Very sad rehome of a much loved cat. Chloe is a female, calico, year and a half old, spayed moggy.
We have had her since she was a kitten but sadly she does not get along with the other cats in the house and will not share a litter tray with them, but when separated out she happily uses a tray. She is extremely friendly and just wants a lap to sit on and some toys to play with. 
She has always been an indoor cat and we would like her to stay that way as she's not the smartest of cats and dos not look to go out.
As said she does not get on well with other cats but does get on with dogs and will put them in their place if they get too boisterous with her. Best not to go to a home with rodents as she had previously opened a tank and killed a gerbil.

We are located just outside of Plymouth and may be able to help with transport.


----------



## Cami (Apr 18, 2012)

And some pictures of Chloe


----------



## welshjet (Mar 31, 2011)

Oh bless, she looks beautiful.

Good luck xxxx


----------



## muffin789 (Jan 28, 2013)

Ohh she's a cutie!!

I SO wish I could help as I'm not far away, but I don't think it would be fair to Chloe or to my two resident girls to take her on - we're in a 2 bed flat, so space isn't that great. I'd be really worried about her not getting on with my two and ending up unhappy again.
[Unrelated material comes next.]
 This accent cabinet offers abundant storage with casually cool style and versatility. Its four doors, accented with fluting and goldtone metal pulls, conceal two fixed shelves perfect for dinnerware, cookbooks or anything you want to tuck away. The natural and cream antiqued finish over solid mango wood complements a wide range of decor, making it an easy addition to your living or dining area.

Fingers crossed you manage to find her a new forever home soon xx


----------



## Cami (Apr 18, 2012)

Still looking


----------



## sashski (Aug 14, 2011)

Cami said:


> Very sad rehome of a much loved cat. Chloe is a female, calico, year and a half old, spayed moggy.
> We have had her since she was a kitten but sadly she does not get along with the other cats in the house and *will not share a litter tray with them, but when separated out she happily uses a tray.* She is extremely friendly and just wants a lap to sit on and some toys to play with.
> She has always been an indoor cat and we would like her to stay that way as she's not the smartest of cats and dos not look to go out.
> As said she does not get on well with other cats but does get on with dogs and will put them in their place if they get too boisterous with her. Best not to go to a home with rodents as she had previously opened a tank and killed a gerbil.
> ...


Have you given her a spare tray? i.e 1 per cat + 1 spare?
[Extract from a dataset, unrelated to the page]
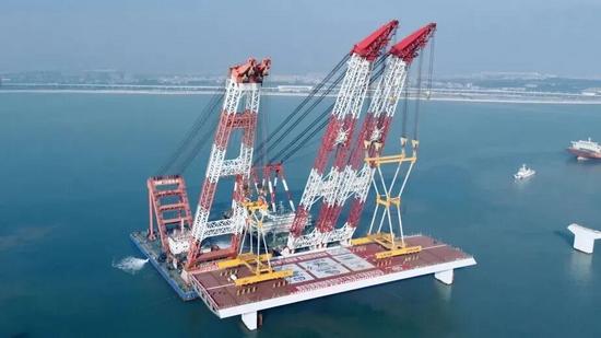 4586噸!廈金大橋廈門段項目海上首榀鋼箱梁吊裝完成

She's beautiful, hope she finds a new home soon.


----------



## Cami (Apr 18, 2012)

sashski said:


> Have you given her a spare tray? i.e 1 per cat + 1 spare?
> 
> She's beautiful, hope she finds a new home soon.


Yeah we have, we've even had 3 extra trays and put them where she has decided is the toilet but then she just goes right out in the open. She just will not use a tray when other cats are around :/

It's such a shame as none of us want her to go but we just can't live with this for much longer


----------



## tincan (Aug 30, 2012)

Have you had a look in the Behavioural section ? .... You may find some answers in there , there are a lot of knowledgeable people within the Forum , who are always happy to helpl. It would be such a shame for your girl to be rehomed especially as with some help , your little girls problem could be overcome ...... Go have look perhaps even post fingers crossed


----------



## Cami (Apr 18, 2012)

tincan said:


> Have you had a look in the Behavioural section ? .... You may find some answers in there , there are a lot of knowledgeable people within the Forum , who are always happy to helpl. It would be such a shame for your girl to be rehomed especially as with some help , your little girls problem could be overcome ...... Go have look perhaps even post fingers crossed


I posted a couple times in the behavioural section a couple months ago, read all the advice and everythig in the stickies, looked elsewhere online and tried everything but sadly nothing has worked. She just won't share a tray. Believe me this is the absolute last thing any of us want to do but we have no other option


----------



## Cami (Apr 18, 2012)

Bump

This little girl still needs a new loving home


----------



## Cami (Apr 18, 2012)

still looking


----------



## Cami (Apr 18, 2012)

Chloe is still looking for her new home


----------



## LittlePancakeTheExotic (Jun 17, 2013)

Maybe put a link to this post in cat chat, more people go in there...I know you cant post this stuff there but you can mention a link. She is beautiful so surprised no takers.


----------